More seriously, this somewhat dense anthology of letters does illustrate the cultural importance of the firm Allen Lane founded back in 1935 and provides interesting insights into the growth of the splendid Puffin and the sadly defunct Penguin Education lists.

Coincidental with the 60th anniversary, there appears the 50th edition of Granta (Penguin Pounds 7.99), the magazine that looks like a paperback and which I’ve always thought was for people younger and more macho than myself. This edition (the last to be edited by Bill Buford) contains some fine journalism on the aftermath of the Vietnam War and some equally acute travel writing by Julian Barnes and Germaine Greer.

Even more macho characters appear in Nigel Williams’ play Class Enemy (Faber Pounds 6.99). Written in 1976, it features six anarchic South London 16-year-olds awaiting any teacher brave enough to tackle 5K. Despite almost every speech containing either (and often both) the f-- and c-- words, it is not exactly Rabelaisian but it has been produced by schools. It is raw, funny, utterly convincing and very humbling as the lads gradually reveal their desperate want of “knowledge”.

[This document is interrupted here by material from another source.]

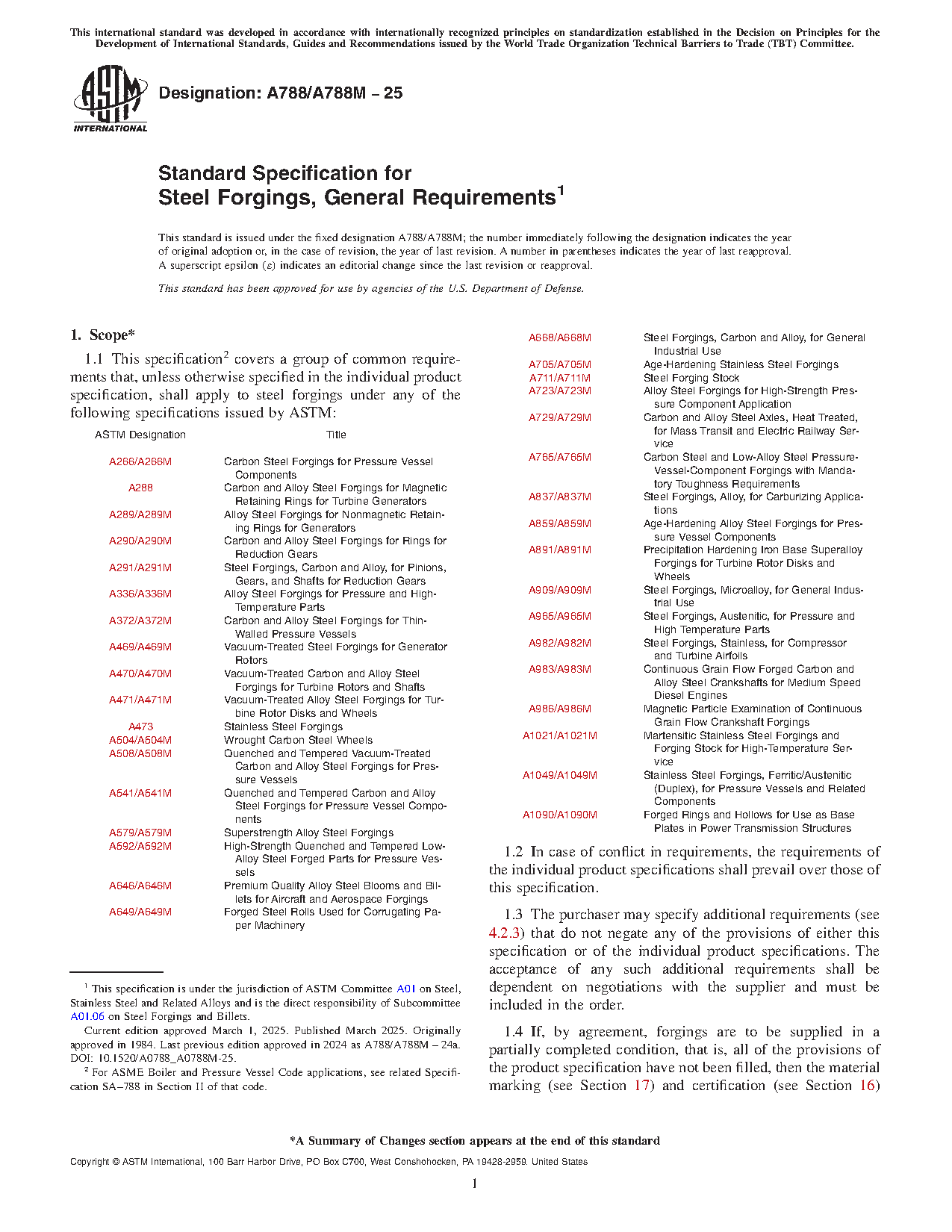 | A668/A668M | Steel Forgings, Carbon and Alloy, for General Industrial Use |

In many ways, such precise social observation as Williams’s renders sociologists redundant. But Professor A H Halsey in his Change in British Society (from 1900 to the present day) (Oxford Opus Paperbacks Pounds 8. 99), updated to include the effects of Thatcherism and the promise of Major’s classless society, goes on to analyse such little matters as social breakdown and the demise of the family. Among his conclusions are the belief that education exists to transform “biological organisms into social personalities” and that we live in a century which has seen the motorway replace the church spire as the symbol of our aspirations.

Anyone still wanting to understand Christianity could turn to The Puzzle of the Gospels by Peter Vardy and Mary Mills (Fount Pounds 7.99). The authors’ intention is to explain the purposes of the original writers of the Gospels and, in particular, to explain those passages which cause “problems” for the modern rationalist.

The latter may not be satisfied: those sympathetic to the Christian viewpoint will find this a clear introduction to what, after all, are cryptic first century texts written for specific audiences.